I would like to make a multi-class pandas dataframe more balanced for training. A simplified version of my training set looks as follows:
Imbalanced dataframe: counts for class 0, 1 and 2 are respectively 7, 3 and 1
animal class
0 dog1 0
1 dog2 0
2 dog3 0
3 dog4 0
4 dog5 0
5 dog6 0
6 dog7 0
7 cat1 1
8 cat2 1
9 cat3 1
10 fish1 2
I made this with the code:
import pandas as pd
data = {'animal': ['dog1', 'dog2', 'dog3', 'dog4','dog5', 'dog6', 'dog7', 'cat1','cat2', 'cat3', 'fish1'], 'class': [0,0,0,0,0,0,0,1,1,1,2]}
df = pd.DataFrame(data)
Now I would like to randomly under sample the majority class(es) and randomly over sample the minority class(es) to specified values per class to get a more balanced dataframe.
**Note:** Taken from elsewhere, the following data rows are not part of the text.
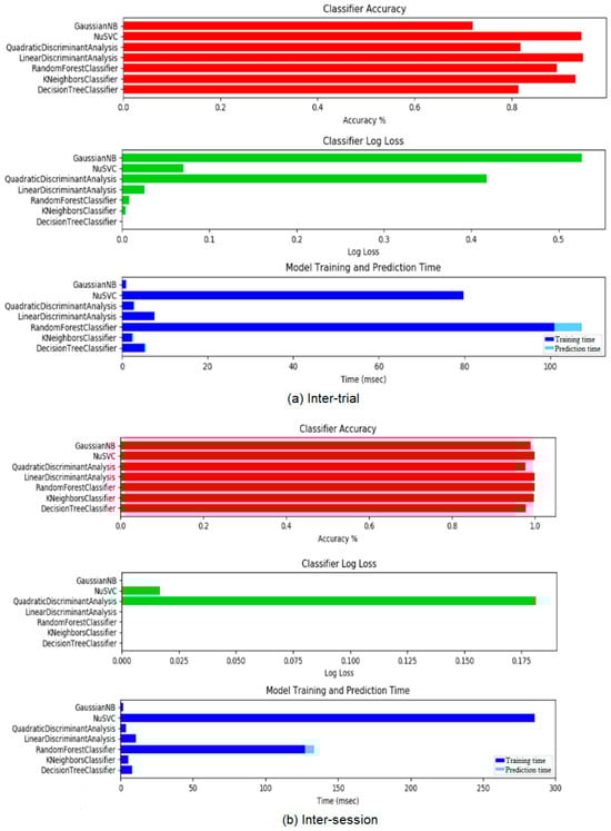 Similar to the protocol used in our previous work [], the test pool of classifier models started with Decision Tree, Random Forest, k-Nearest Neighbour, Linear Discriminant Analysis (LDA), Quadratic Discriminant Analysis (QDA), Nu-Support Vector Classification (NuSVC), and Gaussian Naïve Bayes (refer to [,] for further details). These classifier models are well developed in the existing literature and have substantiative documentation for their implementation.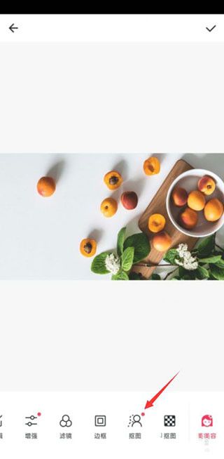 3、将下方的“美图”功能向左滑动,直到看到“抠图”功能。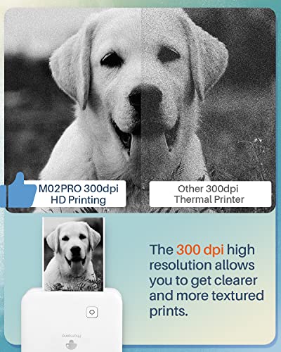 Phomemo M02 Pro 300 DPI mini drukarka kieszonkowa, termiczna drukarka fotograficzna, do telefonów komórkowych, drukarek naklejek, kompatybilna z papierem 15,25,53 mm, do systemów iOS i Android, idealna do dziennika, druku zdjęć, pracy, memo – biała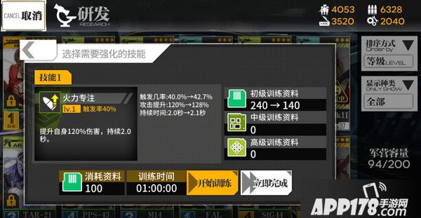 在训练枪娘技能时,需消耗特殊材料“训练资料”,训练时需一定时间等待训练结束,也可使用道具立即完成。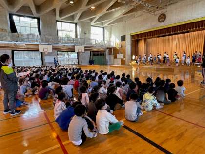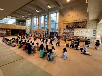 2つのクラスが同じ曲をやりますが、各クラスで踊りや動きを考えているので、2クラスごとに見せ合うミニ発表会をしました。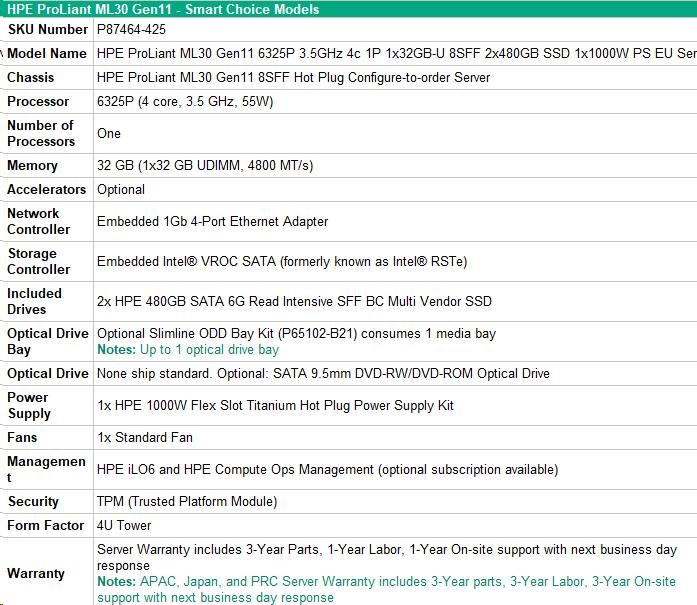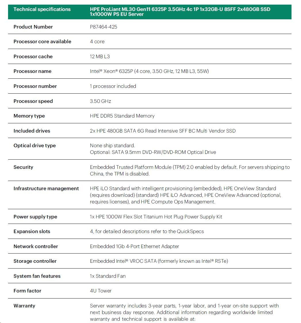 Provedení serveru:Tower; Výrobce CPU:Intel; Maximální počet procesorů:1; Řada procesorů:Intel 4 Core Xeon; SSD Kapacita (GB):960; Model procesoru:Intel Xeon E-2434; Velikost paměti RAM (GB):32; Maximální paměťová kapacita serveru (GB):128; Maximální počet slotů PCIe:4; Maximální počet HDD v serveru:8; Hot-plug cage pro HDD:2.5" SFF; RAID:1, 5, 10.Více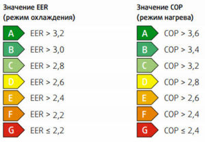 Le rapport entre la consommation d'énergie et la capacité de refroidissement est le principal indicateur de l'efficacité énergétique de la technologie climatique. Il est désigné par le ratio EER. Dans les appareils ménagers, sa valeur est de 2,5-4. Pour le chauffage, une formule et un COP similaires sont dérivés. Ses paramètres sont de l'ordre de 2,8-5.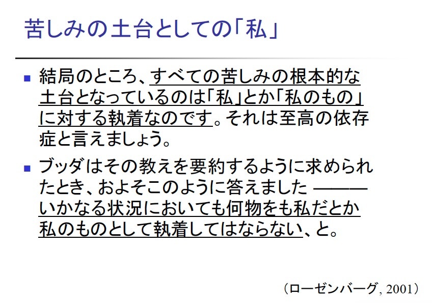 「結局のところ、すべての苦しみの根本的な土台となっているのは「私」とか「私のもの」に対する執着なのです。」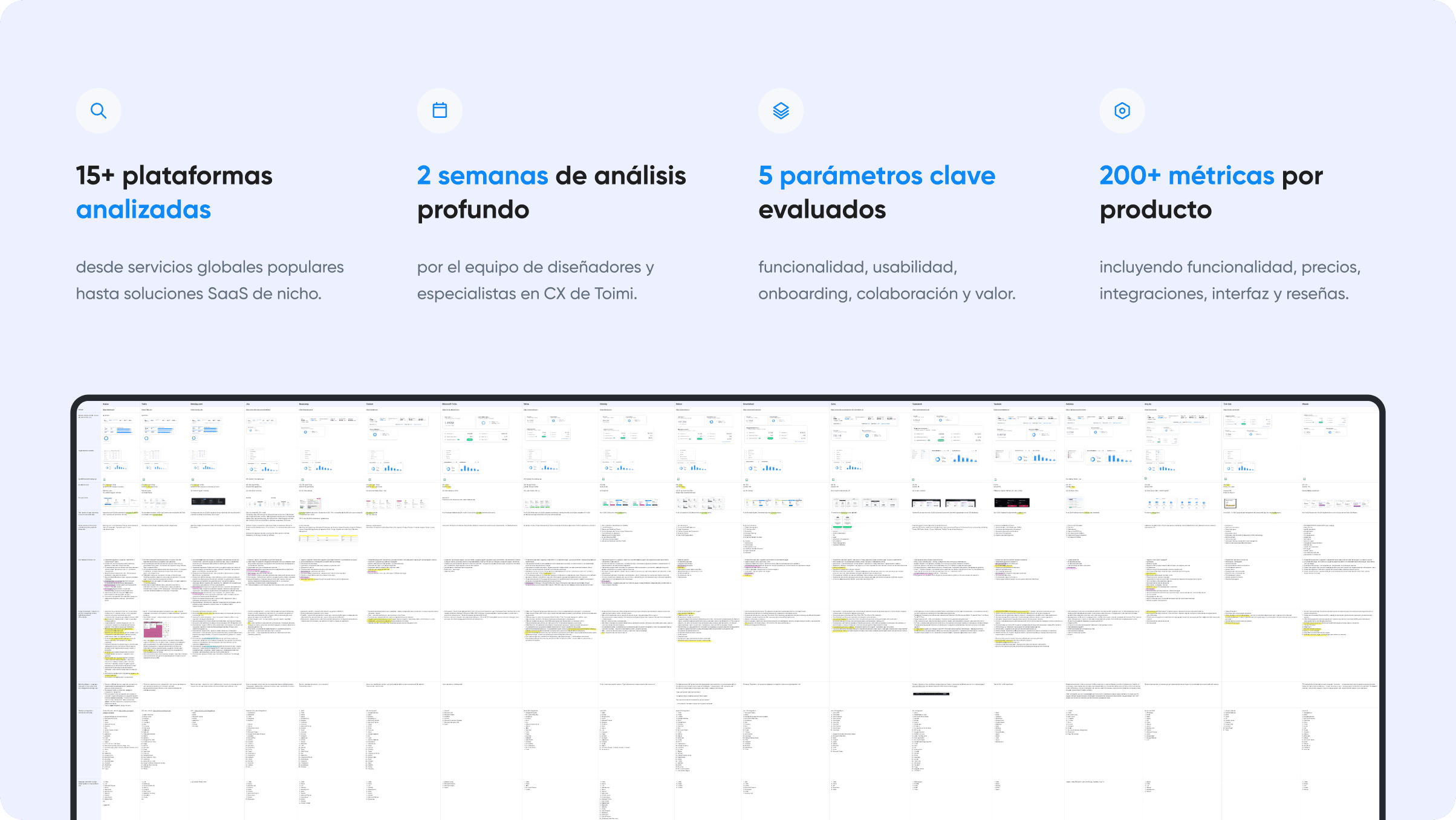 Nuestro equipo de diseñadores, especialistas en CX y analistas estudió servicios como Asana, Trello, Monday.com, Jira, Basecamp, Todoist, ClickUp, Notion, Microsoft To Do, Wrike, Habitica y Zoho. Evaluamos funcionalidad, integraciones, usabilidad y reseñas reales, no solo funciones, sino la experiencia que generan.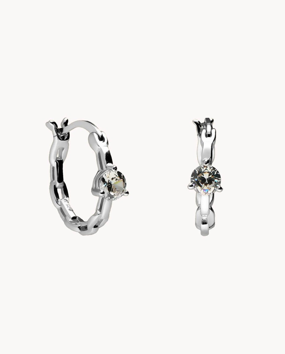 Pendientes de aro de plata de ley 925 bañados en rodio de 12 mm de diámetro interior con eslabones y circonita central de 4 mm de diámetro, cierre catalán.

The problem is that all pandas tutorials I can find online or other questions on stackoverflow on this topic deal with either random over sampling the minority class to the level of the majority class (eg: Duplicating training examples to handle class imbalance in a pandas data frame) or random under sampling the majority class to the level of the minority class.
Since I face extreme imbalance, I cannot make the size of the majority classes equal to that of the minority class. Therefore, these code snippets I can find typically don't work for me. Ideally, I would be able to specify the exact number of samples per class that are then generated by either over- or under sampling (depending on the number I specified for that class and the number of samples the class contains).
For example,
if I specify:
- counts_0 = 5 (was 7 so implies random under sampling with 2 samples),
- counts_1 = 4 (was 3 so implies random over sampling with 1 sample),
- counts_2 = 3 (was 1 implies random over sampling with 2 samples)
I would like to become something like this:
More balanced dataframe: counts for class 0, 1 and 2 are respectively 5, 4 and 3
animal class
0 dog2 0
1 dog3 0
2 dog5 0
3 dog6 0
4 dog7 0
5 cat1 1
6 cat2 1
7 cat3 1
8 cat2 1
9 fish1 2
10 fish1 2
11 fish1 2
What would be the best approach to tackle this?